Previous studies have demonstrated high levels of anti-HMGB1 antibodies in patients with SLE [
22,
37]. This finding raises the possibility that the monoclonal anti-HMGB1 antibody used for tissue staining could have difficulties in binding to HMGB1 if the epitope was already occupied by deposited anti-HMGB1 antibodies. This could possibly contribute to underestimating the local renal expression of HMGB1 and, if so, could explain why there were no clear differences in HMGB1 expression in the most proliferative inflammatory lesions in comparison with less affected glomeruli.
Biomarkers available for assessing renal activity and classification, response to therapy, remission, and flares are insufficient in SLE and do not always reflect the actual inflammatory activity in the renal tissue [
30,
38]. Although renal biopsy is regarded as the 'gold standard' for assessing renal activity [
39], there is a need for new biomarkers for evaluation of disease activity in LN. In the present study, we were not able to determine whether serum levels of HMGB1 could be used for monitoring of renal disease activity
per se but found persistently elevated levels of serum as well as tissue expression, suggesting that HMGB1 is an important inflammatory mediator in LN. To determine whether a more pronounced reduction of HMBG1 levels can be achieved in a less active phase of LN, more long-term studies with sequential serum HMGB1 determination and repeat biopsies will be required, however.
As therapeutic targeting of HMGB1 has been found to be protective against tissue injury in various preclinical inflammatory disease models (reviewed in [
40]), HMGB1 blocking may be of future interest in the development of new treatment strategies in autoimmune disease and also in SLE. As our study was of limited size, additional extended studies will be required to study the role of HMGB1 as a biomarker for renal disease activity in patients with lupus.
Competing interests
The authors declare that they have no competing interests.
Authors' contributions
AZ participated in patient characterization, acquisition of data, statistical analyses, interpretation of results, and manuscript writing.

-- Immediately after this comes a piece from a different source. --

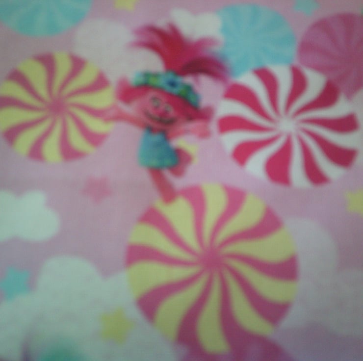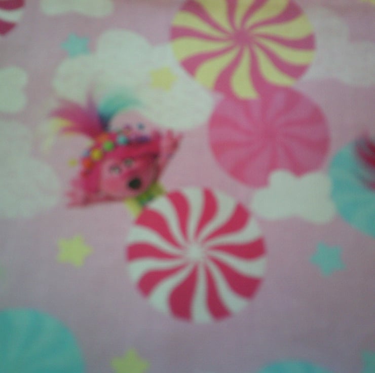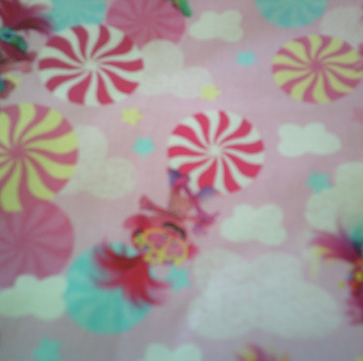 The fabric used has an overall design of Trolls and pinwheels on a pale pink background.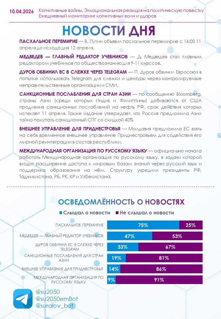 10.04.2026 🔹 Большинство опрошенных (68%) находятся в спокойном состоянии. Усталость отметили 15%, бодрость — 9%, а нервозность остается на минимальном уровне (5%). 🔹 Осведомленность о новостях этого дня — на среднем уровне. — Наиболее известной (75% слышали) оказалась новость о том, что В. Путин объявил пасхальное перемирие с 16:00 11 апреля до исхода дня 12 апреля. — Наименее известным (только 9% были осведомлены) стало сообщение о том, что официально начала работать учрежденная президентами РФ, Таджикистана, РБ, РК, КР и Узбекистана Международная организация по русскому языку, в задачи которой входит расширение доступа к мировым базам знаний через русский язык и поддержка образования на нём. 🔹 Ярко выраженный негативный отклик вызвало сообщение о том, что Молдавия предложила ЕС взять на себя временное внешнее управление Приднестровьем для содействия его мирной реинтеграции в состав республики. 32% читателей отнеслись к сообщению нейтрально. Остальные респонденты отреагировал

KP participated in immunohistochemistry staining, interpretation of results, and manuscript writing. BS participated in evaluation of renal biopsies and interpretation of results of HMGB1 tissue staining. SC and KJT were responsible for serum HMGB1 measurement and interpretation of data. AB participated in interpretation of results and manuscript writing. IG participated in study design, interpretation of results, and manuscript writing. All authors were involved in revising the manuscript critically for content and read and approved the final manuscript.